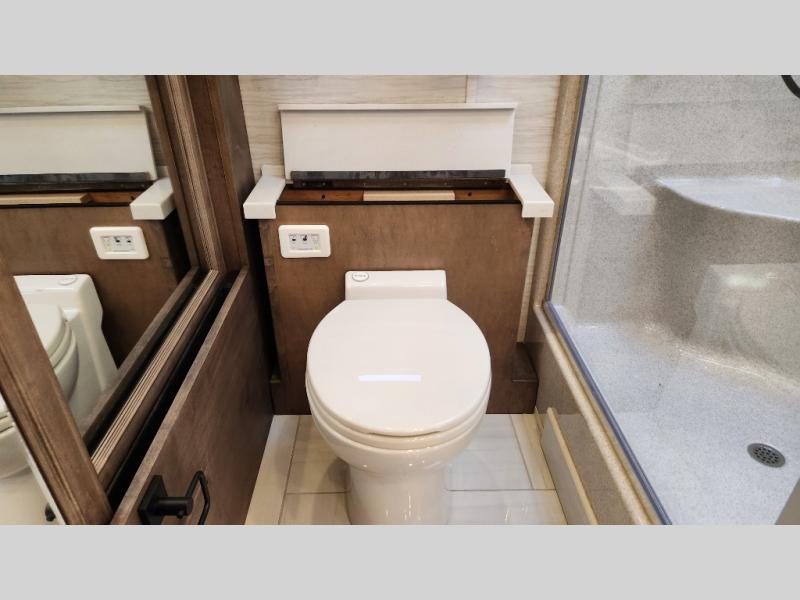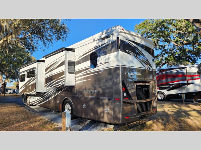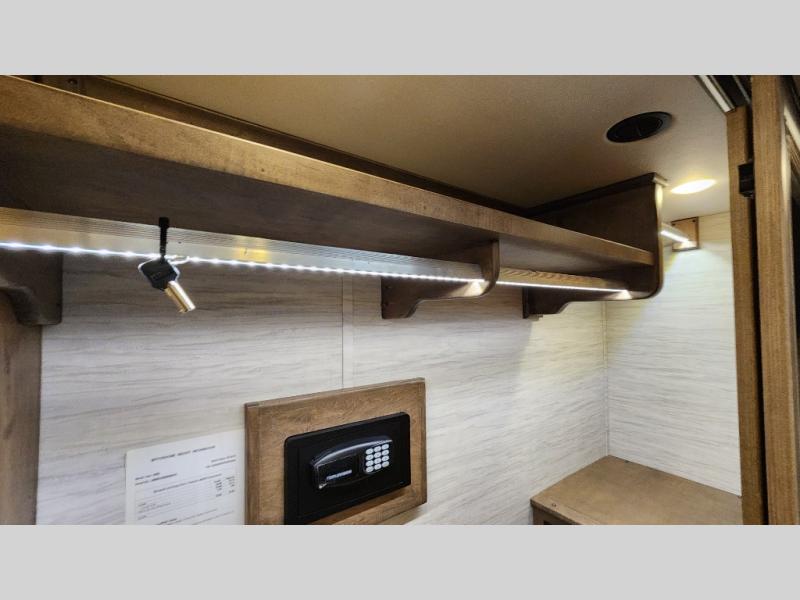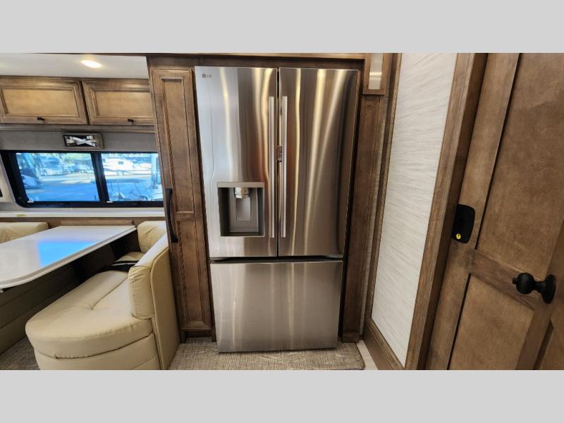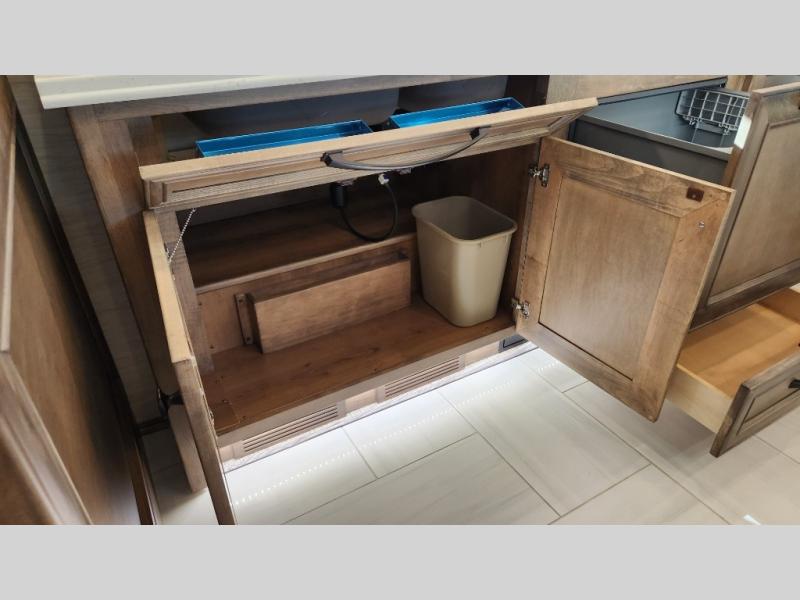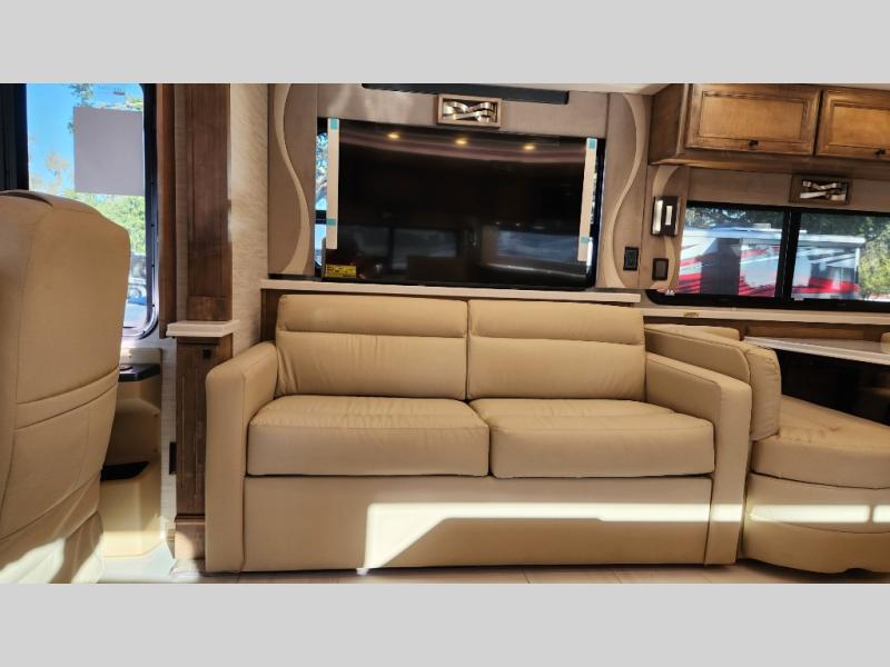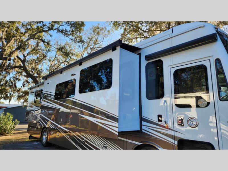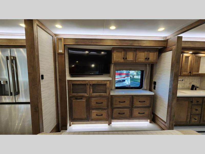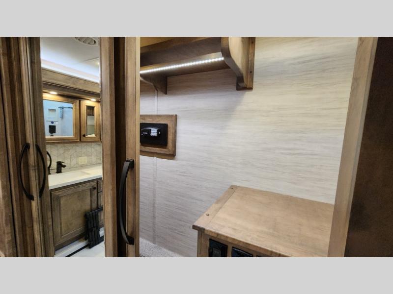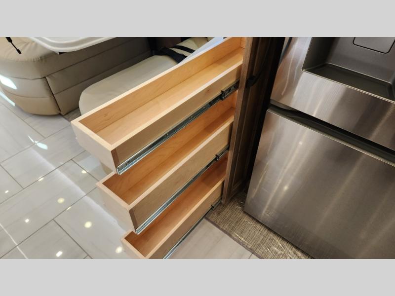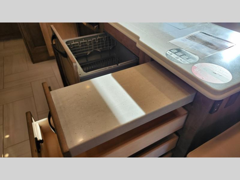 Frosted Granite Full Body Paint • FCCC Powerglide XC 450HP • Sandstone Cabinets • Gelato Interior • Air Coil Sofa PS • Aluminum Wheels • Articulo White Floor Tile • Bamboo Lifestyle Leather • Blind Spot Monitor • Power Drop Down Bunk • In-Dash Navigation • Dishwasher • Hydronic Heating w/Elec. Appl. • Residential Refrigerator • Electronic Stability/Traction Control • (2) Exterior Slide Trays • Generation 12 Ext Paint Scheme • TRC Hi/Lo Voltage Protection • Heated Tile Floor • Induction Cooktop • Memory Foam Mattress – King • Telescoping Ladder • Exterior LCD TV w/Soundbar • Front OH TV • Extended Cycle Batteries • Lift TS PS • Pet Perks Basic • Prep for Satellite Internet • (2) Roof-Mount Patio Awnings • Safe (Bedroom) • 3 Solar Panels • Starlink Pro • Stacked Washer/Dryer • Theatre Seating DS • Tire Pressure Sensing • U-Shaped Din (Non Sleep) PS
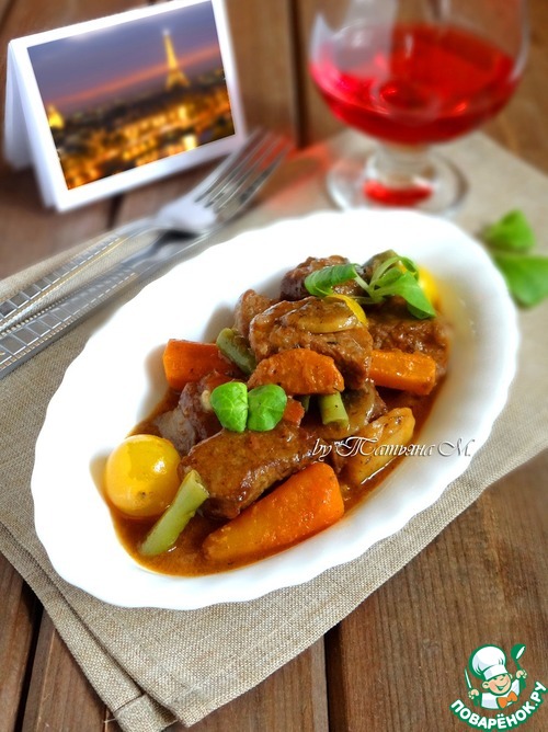 Говядина с шампиньонами и овощами "Бёф бургиньон"
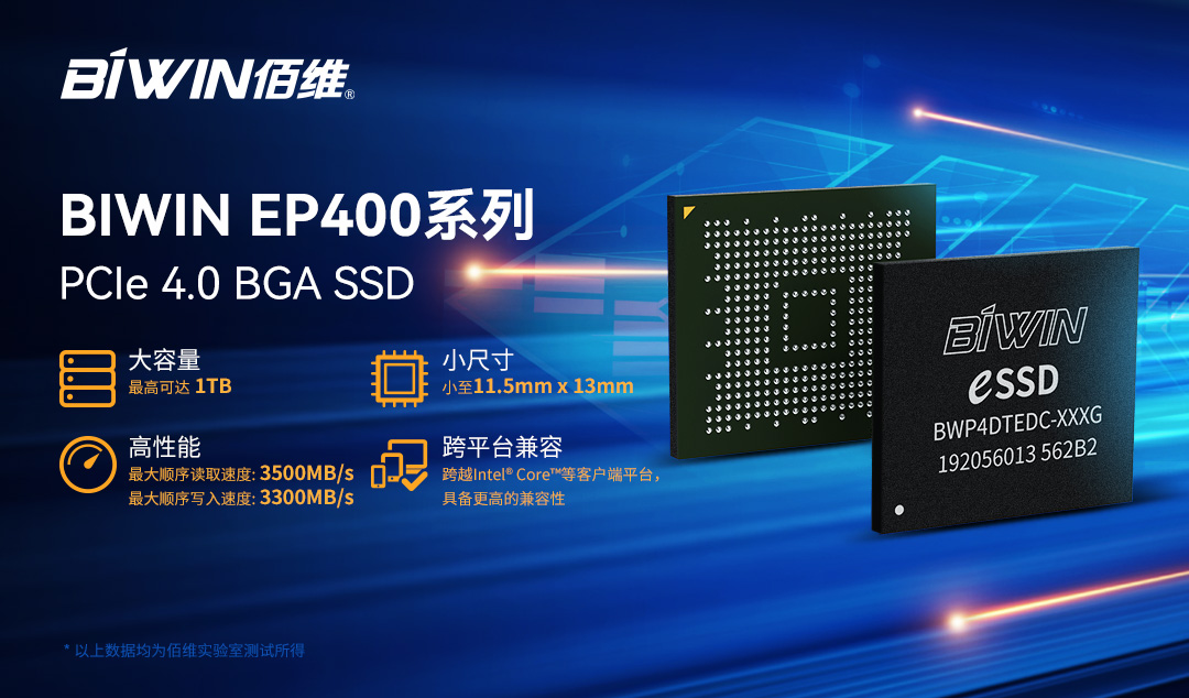 根據(jù)佰維實(shí)驗(yàn)室數(shù)據(jù),佰維EP400在與eMMC/UFS同尺寸的前提下,讀寫(xiě)速度均是PCIe 3.0 BGA SSD E009系列的兩倍,且遠(yuǎn)高于UFS 3.0/3.1產(chǎn)品,在旗艦型移動(dòng)智能終端應(yīng)用上綜合優(yōu)勢(shì)明顯,是二合一筆記本電腦、旗艦智能手機(jī)、自動(dòng)駕駛、無(wú)人機(jī)等應(yīng)用的絕佳存儲(chǔ)選擇。
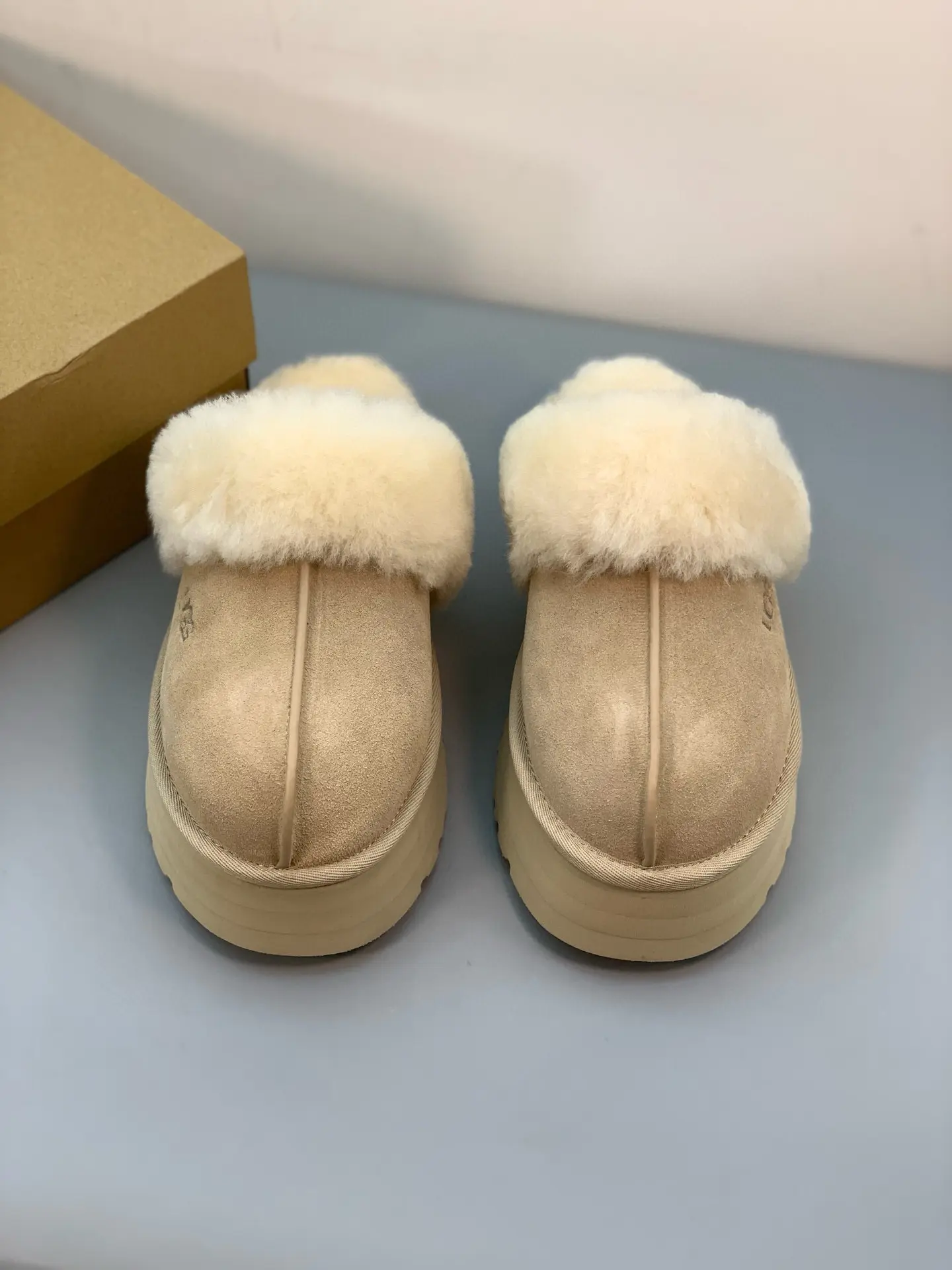 Embrace effortless style and cloud-like comfort with our top-tier, Dongguan-crafted platform slippers. Inspired by UGG’s cozy aesthetic, these are the ultimate footwear for lazy autumn and winter days.

- Required work -
Restate the material above word for word; pictures do not belong in the copy.

- Worked solution -
 Frosted Granite Full Body Paint • FCCC Powerglide XC 450HP • Sandstone Cabinets • Gelato Interior • Air Coil Sofa PS • Aluminum Wheels • Articulo White Floor Tile • Bamboo Lifestyle Leather • Blind Spot Monitor • Power Drop Down Bunk • In-Dash Navigation • Dishwasher • Hydronic Heating w/Elec. Appl. • Residential Refrigerator • Electronic Stability/Traction Control • (2) Exterior Slide Trays • Generation 12 Ext Paint Scheme • TRC Hi/Lo Voltage Protection • Heated Tile Floor • Induction Cooktop • Memory Foam Mattress – King • Telescoping Ladder • Exterior LCD TV w/Soundbar • Front OH TV • Extended Cycle Batteries • Lift TS PS • Pet Perks Basic • Prep for Satellite Internet • (2) Roof-Mount Patio Awnings • Safe (Bedroom) • 3 Solar Panels • Starlink Pro • Stacked Washer/Dryer • Theatre Seating DS • Tire Pressure Sensing • U-Shaped Din (Non Sleep) PS
 Говядина с шампиньонами и овощами "Бёф бургиньон"
 根據(jù)佰維實(shí)驗(yàn)室數(shù)據(jù),佰維EP400在與eMMC/UFS同尺寸的前提下,讀寫(xiě)速度均是PCIe 3.0 BGA SSD E009系列的兩倍,且遠(yuǎn)高于UFS 3.0/3.1產(chǎn)品,在旗艦型移動(dòng)智能終端應(yīng)用上綜合優(yōu)勢(shì)明顯,是二合一筆記本電腦、旗艦智能手機(jī)、自動(dòng)駕駛、無(wú)人機(jī)等應(yīng)用的絕佳存儲(chǔ)選擇。
 Embrace effortless style and cloud-like comfort with our top-tier, Dongguan-crafted platform slippers. Inspired by UGG’s cozy aesthetic, these are the ultimate footwear for lazy autumn and winter days.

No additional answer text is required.